Nice looking dogs, although pretty much look like cropped Staffordshire bull terriers with fancy colors. The trouble is that the good ones are a lot less common and less promoted,I don't see the good ones in the magazine "Atomic dog". I know bad examples of a breed can start to take over,I`m worried about that with Rotties. I`m starting to feel the name Am bully has such negative feelings that the breed needs to evolve or disappear.


----------



## Adjecyca1 (Jul 25, 2010)

Foresthund said:


> Nice looking dogs, although pretty much look like cropped Staffordshire bull terriers with fancy colors. The trouble is that the good ones are a lot less common and less promoted,I don't see the good ones in the magazine "Atomic dog". I know bad examples of a breed can start to take over,I`m worried about that with Rotties. I`m starting to feel the name Am bully has such negative feelings that the breed needs to evolve or disappear.

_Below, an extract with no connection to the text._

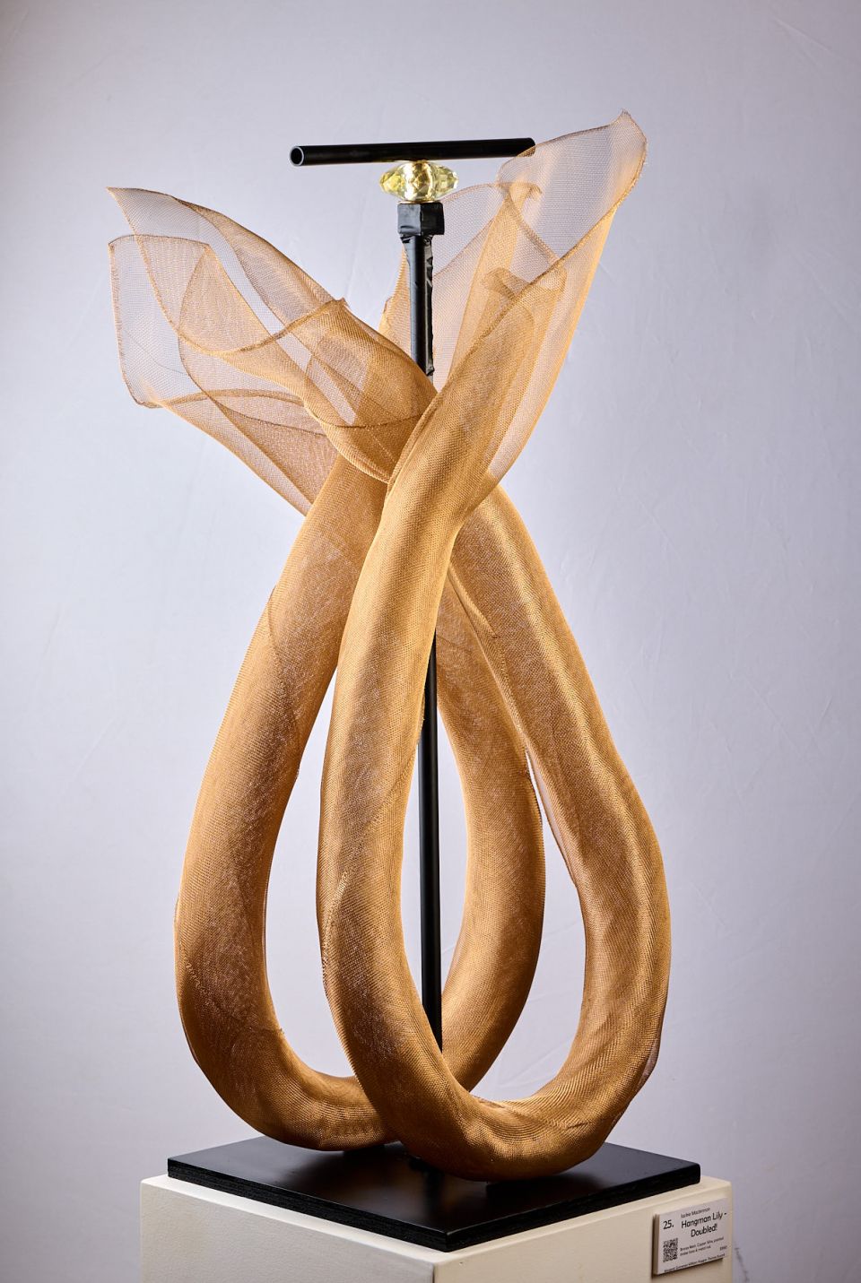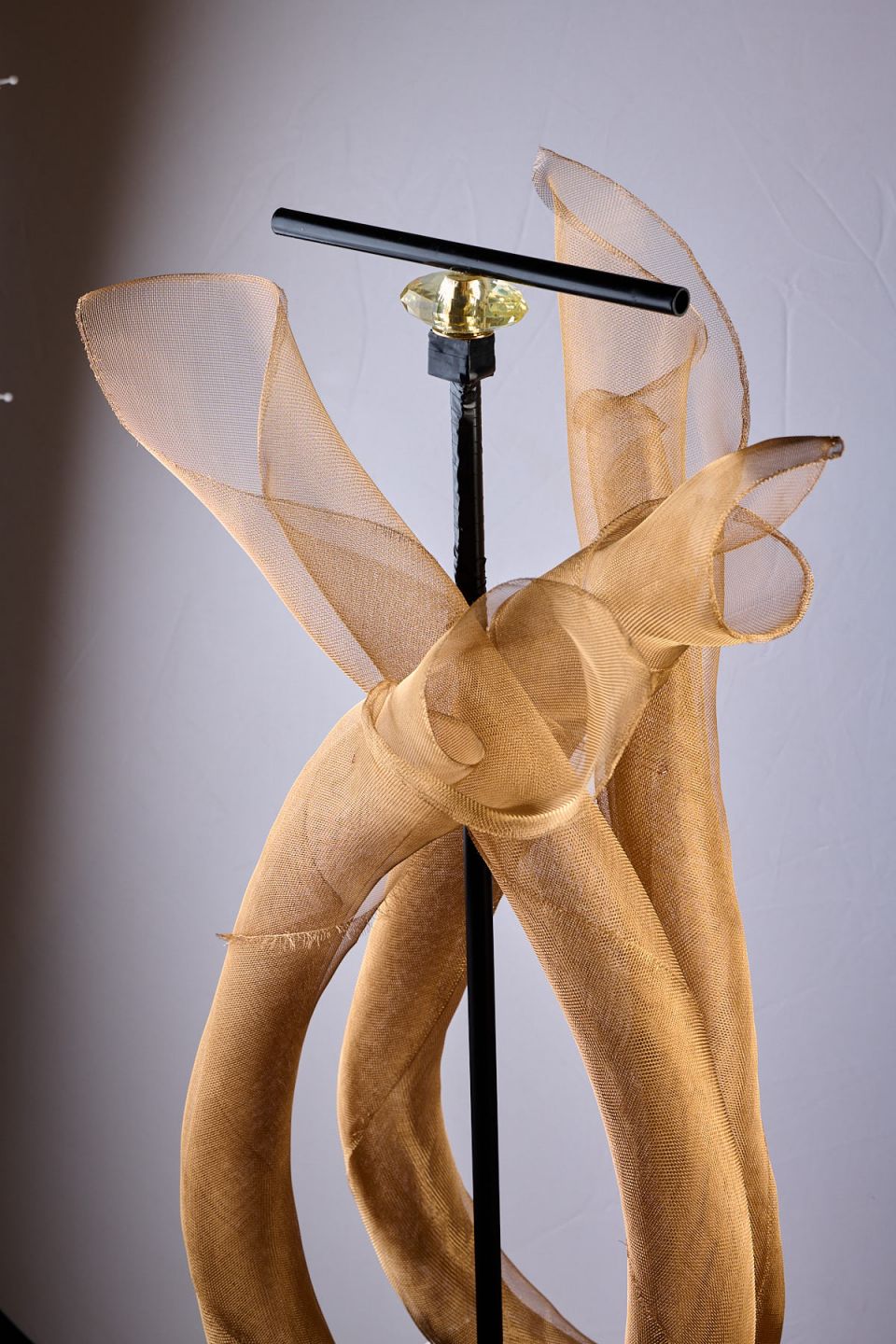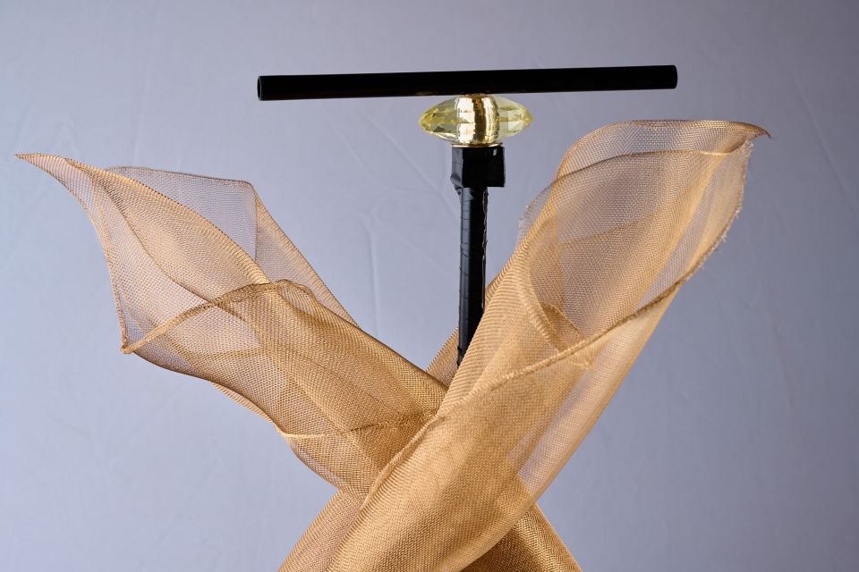 - Media: Bronze Mesh, Copper Wire, painted timber base & metal rod.

The ABKC may be getting rid of the Classic bullies, which is what those above dogs are, but the UKC will preserve the classic bully, and i think the UKC may 'save' the Ambully
. I don't really think they look like staffy bulls, They are larger and have a lot more bulk to them than most of the staffie bulls i have seen.I admit i do not like the direction a lot of the ambully breeders and the abkc is going, but like i said, i have hope in the UKC ambully.. Not a breed i ever wish to own but i like them a lot. Tainteds bullies don't look anything like staffie bulls or amstaffs to me, they are my favorite bullies


----------



## HollowHeaven (Feb 5, 2012)

Personally, I prefer the Xl's


----------



## Adjecyca1 (Jul 25, 2010)

HollowHeaven said:


> Personally, I prefer the Xl's


 I like XLs but its one of the classes being destroyed by the irresponsible people, pockets and XLs often have a lot more flaws and irresponsible people producing them more so than in the classic and standards, of course there are some great looking XLs and pockets but those are the exceptions and not the rule, sadly it seems with the ambully world what's popular rarely what's in the dogs best interest


----------



## Bully xl (Nov 18, 2021)

Adjecyca1 said:


> I like XLs but its one of the classes being destroyed by the irresponsible people, pockets and XLs often have a lot more flaws and irresponsible people producing them more so than in the classic and standards, of course there are some great looking XLs and pockets but those are the exceptions and not the rule, sadly it seems with the ambully world what's popular rarely what's in the dogs best interest
> Why are xl bullies being destroyed? I’m the Uk and have a 7 month old female. She is soft as shit but shows she is boss when people come to the door and is the protector of my daughter who is five. They are not an exception to the rule or Pitt bulls. They are a fantastic family dog. She is loving and caring and looks out for us when my husband works nights! I could not wish for a better or easier dog to train


----------



## DaySleepers (Apr 9, 2011)

This is an eight year old thread and the original poster hasn't been active here in years, so I'm closing the thread to further replies. Feel free to start a new thread of your own or join in any of our current discussions!


----------